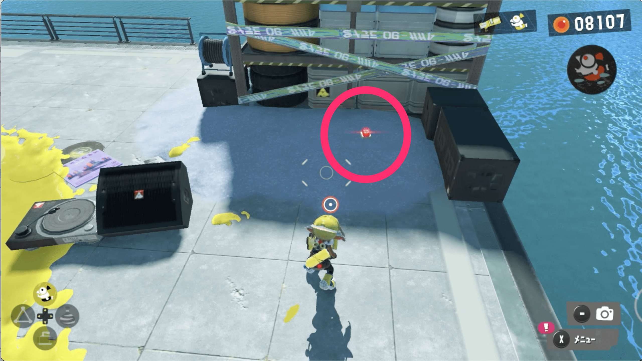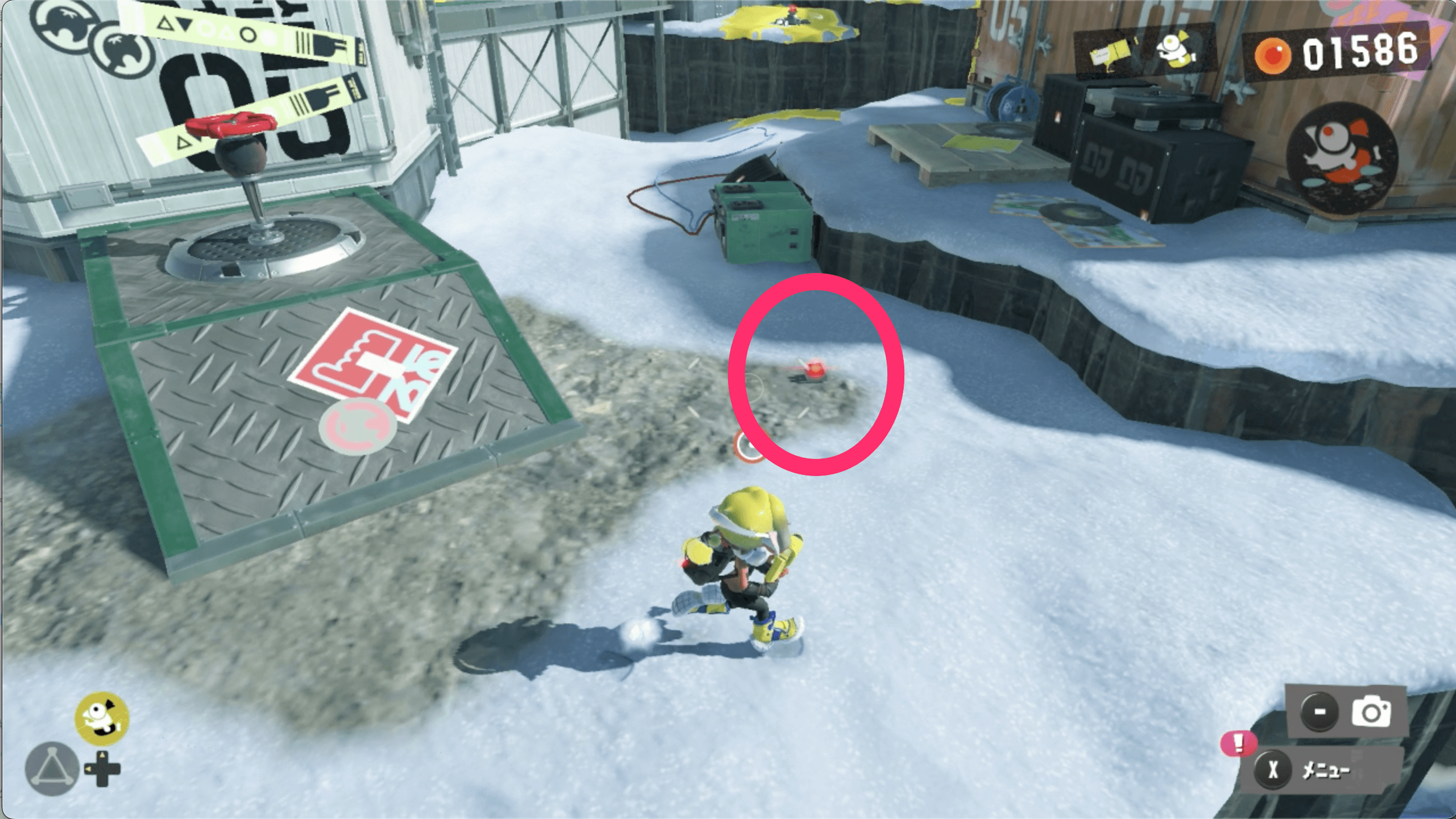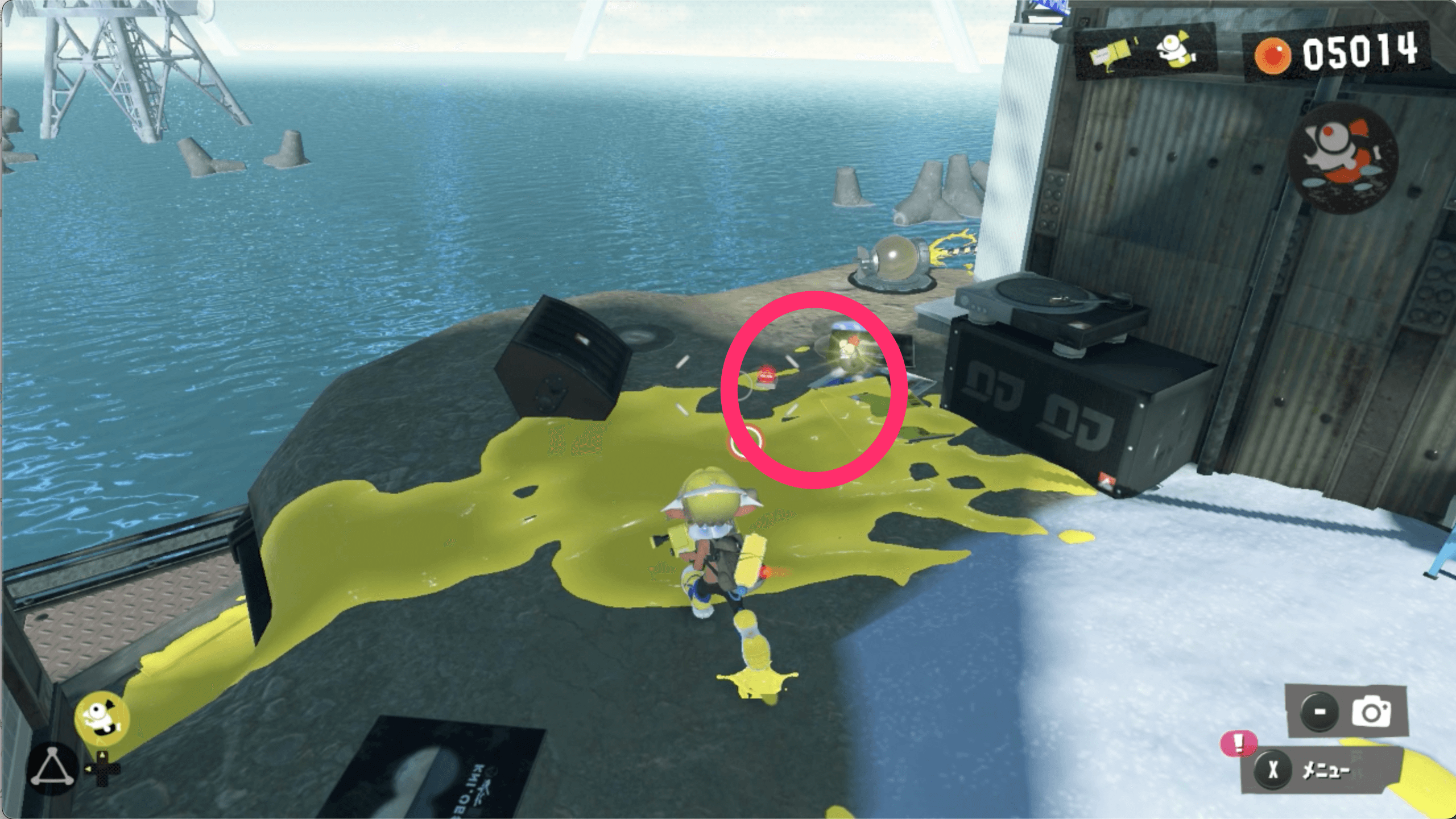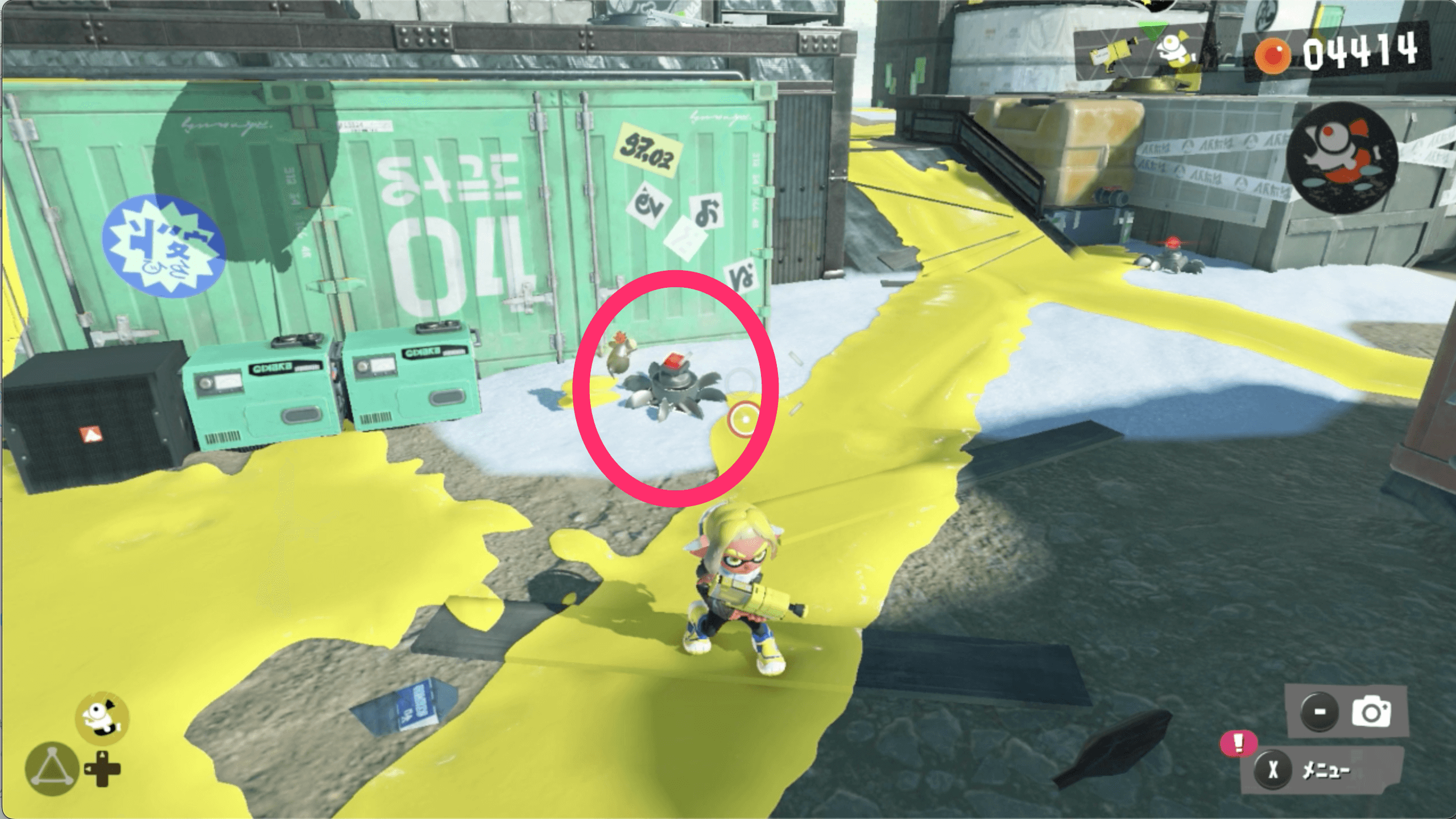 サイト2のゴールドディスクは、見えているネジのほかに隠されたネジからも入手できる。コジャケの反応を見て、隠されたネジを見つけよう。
* * *
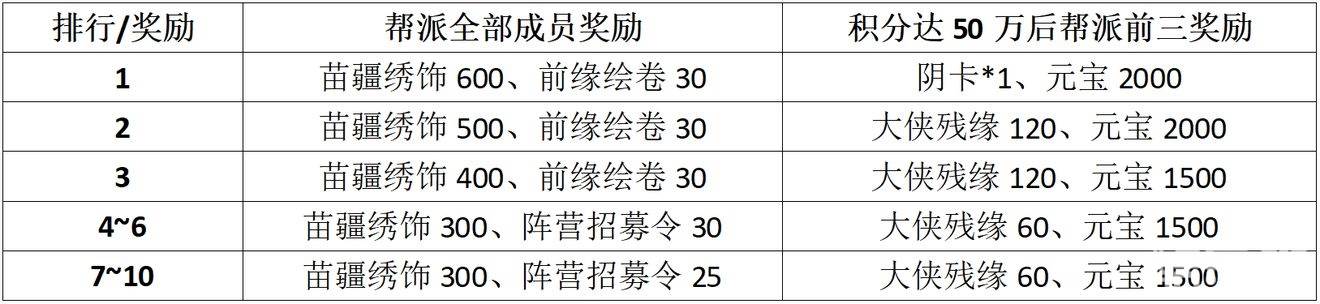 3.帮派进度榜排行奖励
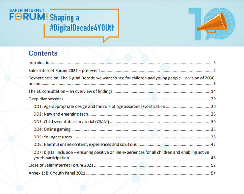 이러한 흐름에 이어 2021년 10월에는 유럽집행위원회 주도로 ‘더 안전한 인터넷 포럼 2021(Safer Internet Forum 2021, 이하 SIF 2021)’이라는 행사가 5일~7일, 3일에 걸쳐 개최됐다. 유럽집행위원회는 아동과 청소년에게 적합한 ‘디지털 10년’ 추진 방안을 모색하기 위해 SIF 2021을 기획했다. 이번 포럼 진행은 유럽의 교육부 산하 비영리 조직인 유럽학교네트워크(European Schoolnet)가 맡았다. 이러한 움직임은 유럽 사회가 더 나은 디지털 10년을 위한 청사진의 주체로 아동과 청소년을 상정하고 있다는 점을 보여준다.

→ Description of the task
Make an exact copy of the lines above, beginning with the line with "3.帮派进度榜排行奖励" and ending with the line with "이러한 흐름에 이어 2021년", and keep the pictures out of it.

→ Written answer
 3.帮派进度榜排行奖励
 이러한 흐름에 이어 2021년 10월에는 유럽집행위원회 주도로 ‘더 안전한 인터넷 포럼 2021(Safer Internet Forum 2021, 이하 SIF 2021)’이라는 행사가 5일~7일, 3일에 걸쳐 개최됐다. 유럽집행위원회는 아동과 청소년에게 적합한 ‘디지털 10년’ 추진 방안을 모색하기 위해 SIF 2021을 기획했다. 이번 포럼 진행은 유럽의 교육부 산하 비영리 조직인 유럽학교네트워크(European Schoolnet)가 맡았다. 이러한 움직임은 유럽 사회가 더 나은 디지털 10년을 위한 청사진의 주체로 아동과 청소년을 상정하고 있다는 점을 보여준다.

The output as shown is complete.